Nuestro Salvador siente y conoce nuestras tentaciones, nuestras dificultades, nuestras angustias y nuestros sufrimientos, porque los padeció todos por voluntad propia como parte de Su expiación. Otros pasajes de las Escrituras afirman eso. En el Nuevo Testamento se declara: “[P]or cuanto él mismo padeció siendo tentado, es poderoso para socorrer a los que son tentados” (Hebreos 2:18). Isaías enseña: “No temas, porque yo estoy contigo; […] te fortalezco; siempre te ayudaré” (Isaías 41:10). Todos los que padecen cualquier clase de debilidad terrenal deben recordar que nuestro Salvador también sufrió ese tipo de dolor, y que, mediante Su expiación, nos ofrece a cada uno de nosotros la fortaleza para sobrellevarlo.
El profeta José Smith resumió todo esto en nuestro tercer Artículo de Fe: “Creemos que por la expiación de Cristo, todo el género humano puede salvarse, mediante la obediencia a las leyes y ordenanzas del Evangelio”.

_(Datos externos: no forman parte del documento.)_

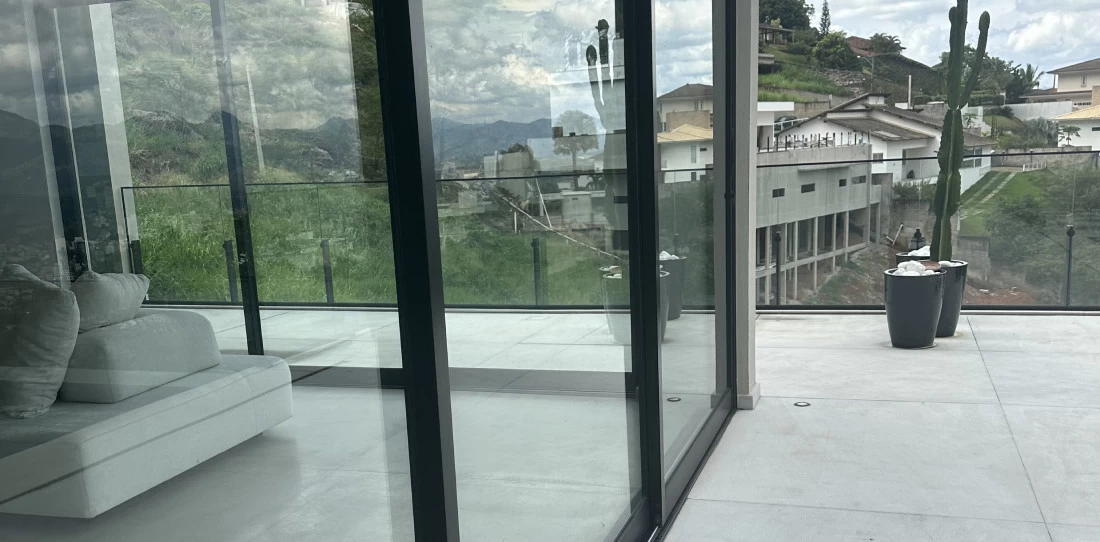 Nesta casa tivemos o prazer de realizar uma entrega completa. Foram executadas todas as esquadrias de alumínio, desde quadros fixos, portas e janelas de correr no sistema Chroma.

“¿Qué ha hecho Jesucristo por mí?”, preguntó aquella hermana. Conforme al plan de nuestro Padre Celestial, Él “hi[zo] los cielos y la tierra” (Doctrina y Convenios 14:9) a fin de que cada uno de nosotros pudiera tener la experiencia terrenal necesaria para procurar su destino divino. Como parte del plan del Padre, la resurrección de Jesucristo venció la muerte para asegurar la inmortalidad a cada uno de nosotros. El sacrificio expiatorio de Jesucristo nos da a todos la oportunidad de arrepentirnos de nuestros pecados y regresar limpios a nuestro hogar celestial. Sus mandamientos y convenios nos muestran el camino, y Su sacerdocio nos da la autoridad para efectuar las ordenanzas que son esenciales para alcanzar ese destino. Y nuestro Salvador padeció por voluntad propia todos los dolores y debilidades terrenales a fin de saber cómo fortalecernos en nuestras aflicciones.
Jesucristo hizo todo esto porque ama a todos los hijos de Dios. El amor es la motivación de todo ello, y así fue desde el principio. Dios nos ha dicho en una revelación moderna que Él “creó al hombre, varón y hembra, según su propia imagen […] y les dio mandamientos de que lo amaran y lo sirvieran a él” (Doctrina y Convenios 20:18–19).
Testifico de todo esto y ruego que todos recordemos lo que nuestro Salvador ha hecho por cada uno de nosotros, y que lo amemos y lo sirvamos. En el nombre de Jesucristo. Amén.